As it turns out, this is actually quite important aspect of the way you can optimize behavior inside B+Trees. If you wondered about the difference between clustered and non clustered indexes, that is exactly it. In a clustered index, the data is directly in the B+Tree. In a non clustered index, you don’t have the data directly, but need to follow the reference.

Using C#, here are the differences:

var entry = clusteredIndex.Find(key);
return entry.Data;

var nonClusteredEntry = nonClusteredIndex.Find(key);
var entry = clusteredIndex.Find(nonClusteredIndex.Data);
return entry.Data;

I’m skipping on quite a lot here, but that should give you the gist of it.

Now, where is the problem? The problem is that there if all you have is trees, this is pretty much all that you can do here. Now, let us consider the case of storing documents inside Voron. What kind of questions do we need to answer?

  • Load documents by id
  • Scan documents by id prefix
  • Scan documents by etag

As it stands, doing this using just trees would require us to:

  • Define a tree to hold the data, where the key is the document id. This allows us to both find a document by id and by key prefix.
  • Define an index for the etag, where the key is the etag, and the value is the document id.
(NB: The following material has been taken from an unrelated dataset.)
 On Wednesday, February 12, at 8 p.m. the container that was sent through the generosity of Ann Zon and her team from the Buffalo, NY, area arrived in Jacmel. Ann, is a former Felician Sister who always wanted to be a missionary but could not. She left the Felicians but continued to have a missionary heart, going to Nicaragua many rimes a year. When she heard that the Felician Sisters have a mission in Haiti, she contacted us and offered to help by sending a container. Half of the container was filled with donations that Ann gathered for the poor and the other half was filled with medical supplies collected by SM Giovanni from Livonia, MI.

So, let us assume that we have a piece of code that need to read documents by etag (for indexing, replication, export, etc):

var enumerator = etagsIndex.ScanFrom(etag); // O(logN)
foreach(var entry in enumerator) // O(~1) for each MoveNext(); 
{
	var actualDocument = documentsIndex.Find(entry);// O(logN);
	// do something with this
}

So, if I want to read 32,000 documents based on their etags in a database that has a hundred million documents, that is going to perform close to 900,000 comparison operations. (log2(100 M) = 27, and we issue 32K O(logN) queries on the documentsIndex).
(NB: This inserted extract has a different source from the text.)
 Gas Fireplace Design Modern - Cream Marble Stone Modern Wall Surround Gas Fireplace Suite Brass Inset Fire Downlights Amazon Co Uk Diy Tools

That can get expensive. And this is a relatively simple example. In some cases, a data item might have five covering indexes, and the access rate and size get very high.

In order to resolve that, we are going to change how we layout the data on the disk. Instead of storing the data directly in the tree, we are going to move the data into separate storage. We call this raw data sections.
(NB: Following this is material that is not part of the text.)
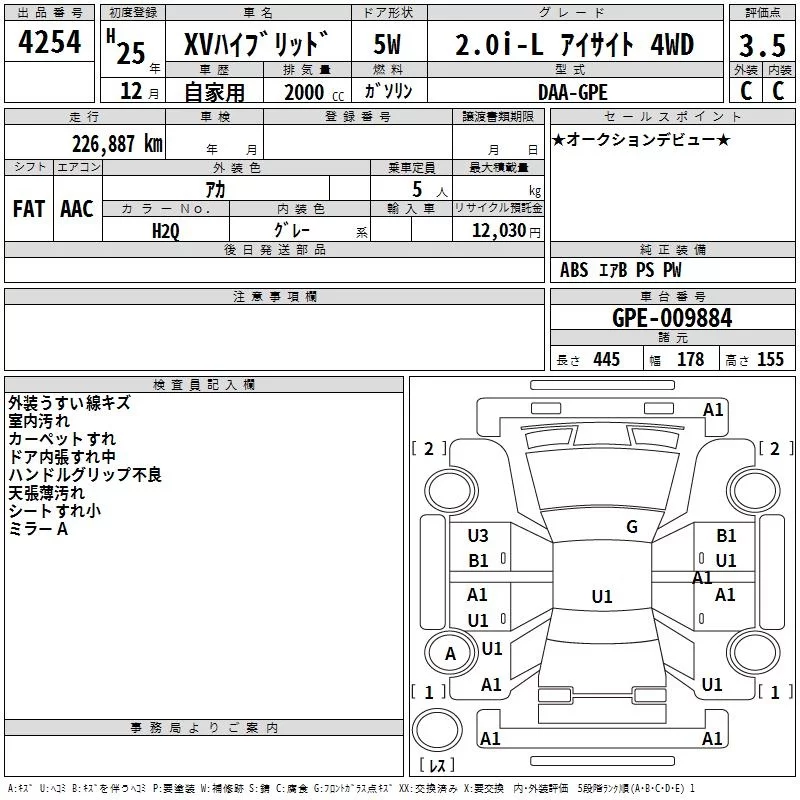 Subaru XV с аукциона Японии TAA Shikoku лот № 4254

A raw data section can be small (for values that are less than 2KB in size) or large. Small values are grouped together in sections that are 2 – 8 MB in length. While each larger sized value is going to be place independently, rounded up to the next page size (4KB, by default). The trees will not store that data, but references to the data on disk (effectively, the file position for the data).

Note that this has a few implications:

  • Small data is grouped together, and the likely access method will group together commonly inserted values.
  • We won’t need to move the data if something changes (as long as it doesn’t grow too much), so updating the value will usually mean that we don’t need to update all the indexes (because the location on disk didn’t change), unless the value they are covering did change.
  • Trees are going to be smaller, allowing more of them to reside in memory, and it allows us to do interesting tricks with things like PrefetchVirtualMemory calls on the locations from the index before access them, so we only pay the I/O cost (if any, once).

This is also quite exciting, because it means that we can share indexes on the data very easily. For example, we can have a “etags per collection” index for each collection, which will be much faster to run because it doesn’t need all the extra lookups.